Trump-Macron, une relation paradoxale, mais visiblement solide, entre deux dirigeants à la fois proches et totalement opposés

Par Sylvie Kauffmann, éditorialiste au "Monde"

Le 24 avril, les Trump recevront les Macron à la Maison Blanche. Dans sa chronique, Sylvie Kauffmann, éditorialiste au « Monde », s’interroge sur la relation privilégiée qu’entretiennent ces deux présidents que tout devrait opposer.

Entre eux, tout a commencé par une poignée de mains dont on a fait grand cas. L’a-t-on surinterprétée, cette poignée de mains virile et, disons-le, un peu ridicule au sommet de l’OTAN, le 25 mai 2017 à Bruxelles ? Peut-être.

Mais lorsque, huit mois plus tard, lors du Forum économique de Davos (Suisse), le journaliste de la télévision helvétique Darius Rochebin évoque devant Emmanuel Macron cette scène « incroyable » avec Donald Trump, cette scène où « vous lui broyez la main, elle devient blanche », le président français ne s’inscrit pas en faux. Il y a même comme une lueur de fierté dans son regard.

A Bruxelles, élu depuis quinze jours, Emmanuel Macron était le petit nouveau dans le cercle des dirigeants de l’Alliance atlantique. Auréolé de sa victoire sur Marine Le Pen, certes, mais junior quand même. L’autre nouveau venu, c’était Donald Trump, porté, lui, à la tête de la première puissance du monde sept mois plus tôt par une vague populiste.

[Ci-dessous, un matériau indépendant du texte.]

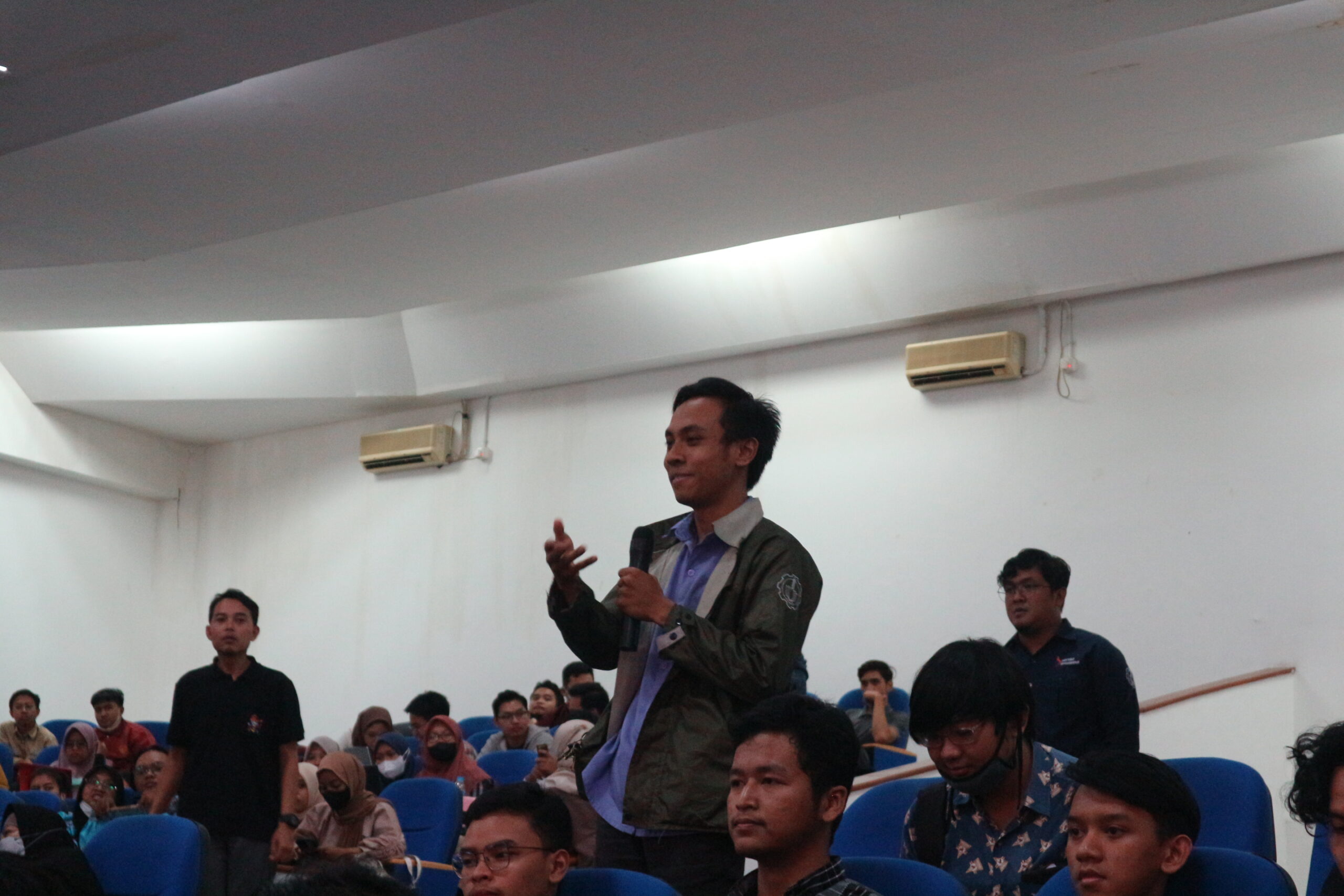 Salah satu peserta kuliah umum yang mengajukan pertanyaannya kepada Dr. Nurul Ghufron SH MH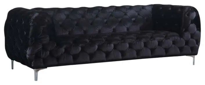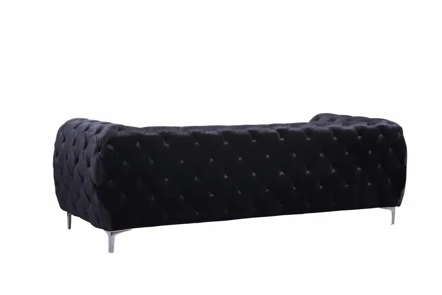 Elegant and eye-catching, the stunning Mercer Living Room from Meridian Furniture is the perfect addition to any space. Rich Velvet covers the plush, comfortable seat, padded with high-density foam and modern tufted design. Strength and beauty is guaranteed with a solid wood frame and chrome legs.

Calculée ou non, cette poignée de mains, finalement, c’était un peu pour Macron une manière de s’affirmer face à un homme qui tétanisait les Européens et qui, à 71 ans, aurait pu être son père. Trump, qui s’y connaît en matière de transgressions, ne lui a pas tenu rigueur de ces jointures écrasées. L’épisode lui rend même « Emmanuel » sympathique : ne sont-ils pas tous deux, à ce moment-là, des animaux politiques atypiques, arrivés au pouvoir dans des circonstances inhabituelles ? Et de fait, ce moment scelle la naissance d’une relation paradoxale, mais visiblement solide, entre deux dirigeants, un Américain et un Français, à la fois proches et totalement opposés.

France First !

Cette relation trouvera sa consécration dans la visite d’Etat que feront Emmanuel et Brigitte Macron à Washington, du 23 au 25 avril, à l’invitation du couple Trump. Dans le communiqué annonçant, lundi 26 février, les dates de la visite, l’Elysée a pris soin de souligner qu’il s’agit là de « la première visite d’Etat d’un dirigeant étranger depuis l’élection de Donald Trump ».

France First ! Cette précision et la fierté qu’elle recèle sont, elles aussi, révélatrices de la proximité inattendue entre un président américain septuagénaire, nationaliste, à droite de la droite, volontiers grossier et fier de ne jamais ouvrir un livre, et un ambitieux président français de 40 ans qui se définit comme progressiste, multilatéraliste, pétri de culture et de valeurs humanistes.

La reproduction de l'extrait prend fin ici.